NCT02051569 · Status: COMPLETED · Phase: EARLY_PHASE1 · Type: INTERVENTIONAL · Enrollment: 40

Last updated 2014-01-31

No results posted yet for this study

Summary

Rationale: Poor social functioning may contribute to major depressive disorder (MDD). Poor serotonin function may also contribute to MDD. Recent research suggests that serotonin plays a role in regulating human social behaviour. Therefore it would be intriguing to investigate the role of serotonin in regulating the quality of everyday social interactions in a population at risk for MDD. Human social behaviour can be reliably assessed in everyday life using Ecological Momentary Assessment (EMA).

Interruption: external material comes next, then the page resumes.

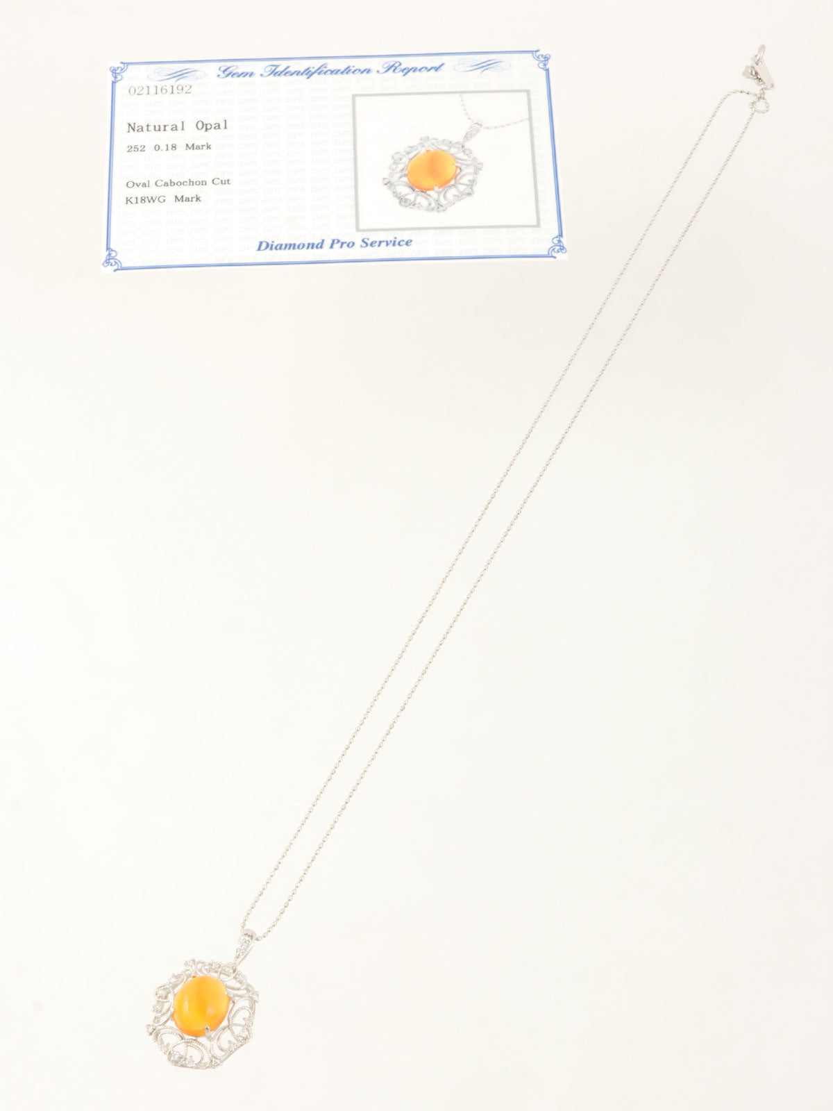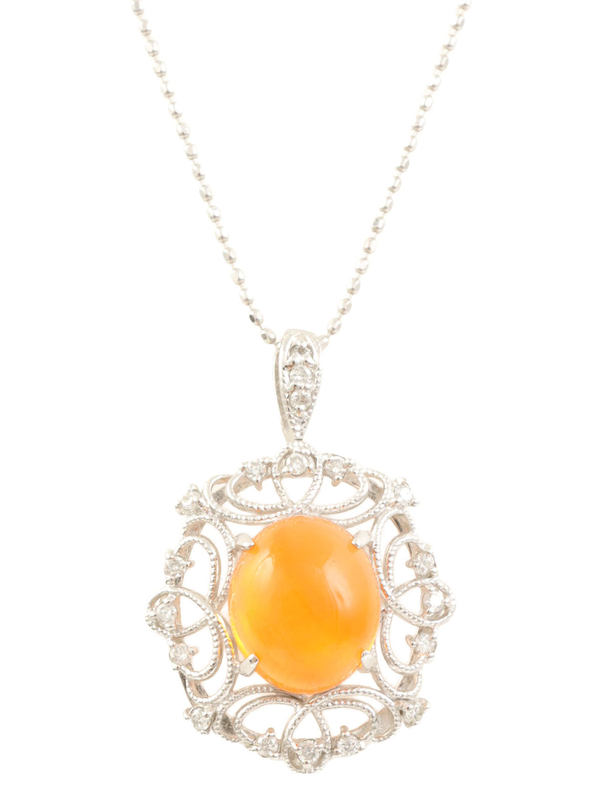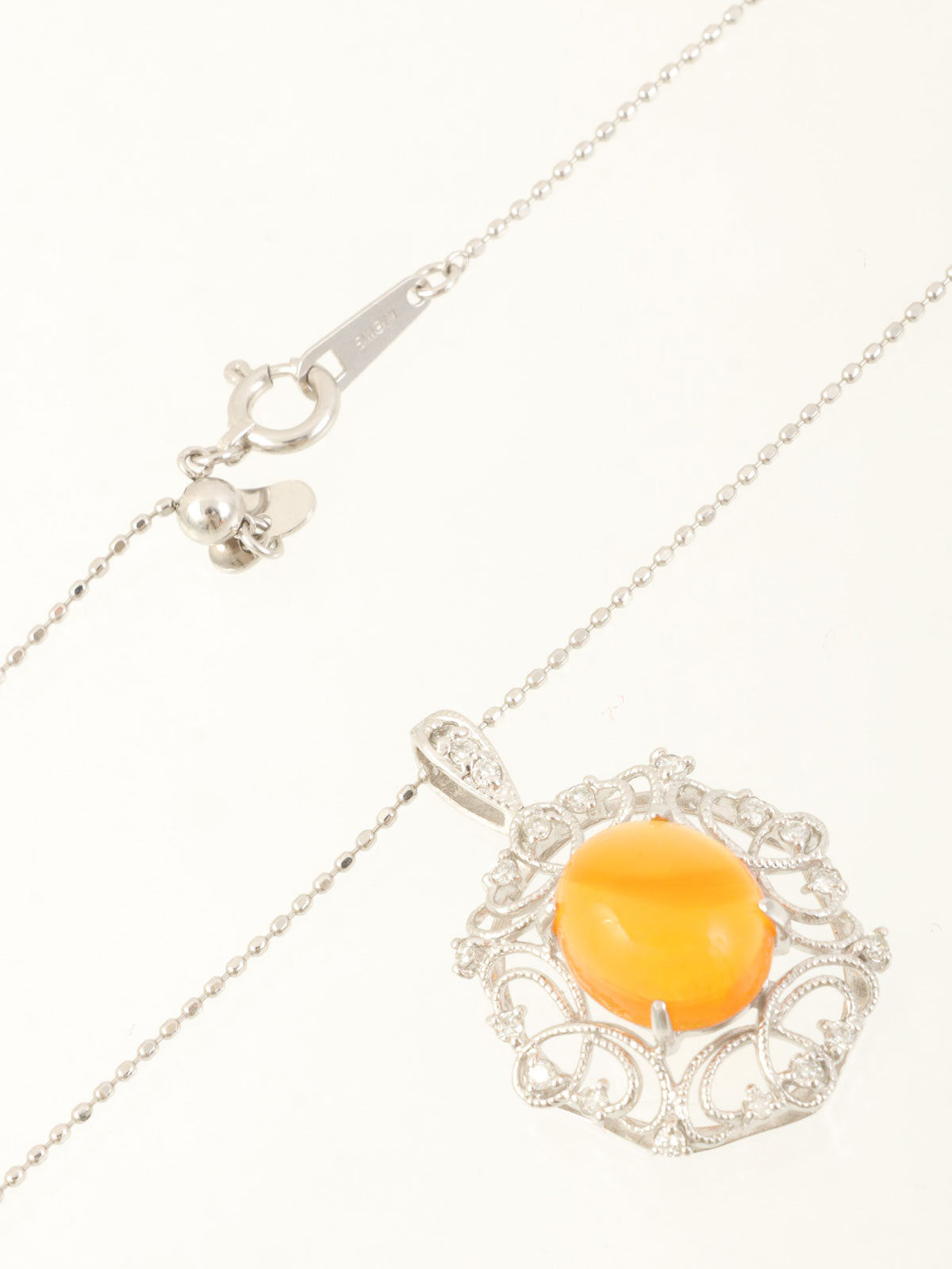 18Kオパールダイヤモンドデザインネックレス シルバー/オレンジ

Objective: This study aims to investigate how an experimental increase in serotonin influences social functioning in healthy adults with a first-degree family member diagnosed with MDD. The primary goal is to investigate the role of serotonin in regulating everyday social behaviour, measured using EMA. This will be done using oral supplementation with tryptophan, the amino acid precursor of serotonin. Secondary goals are to determine how this experimental manipulation influences people's feelings as well as their perceptions of other's social behaviour following interpersonal events, and social cognitions at the end of the day. An exploratory goal is to investigate if these effects are moderated by genes thought to be involved in MDD.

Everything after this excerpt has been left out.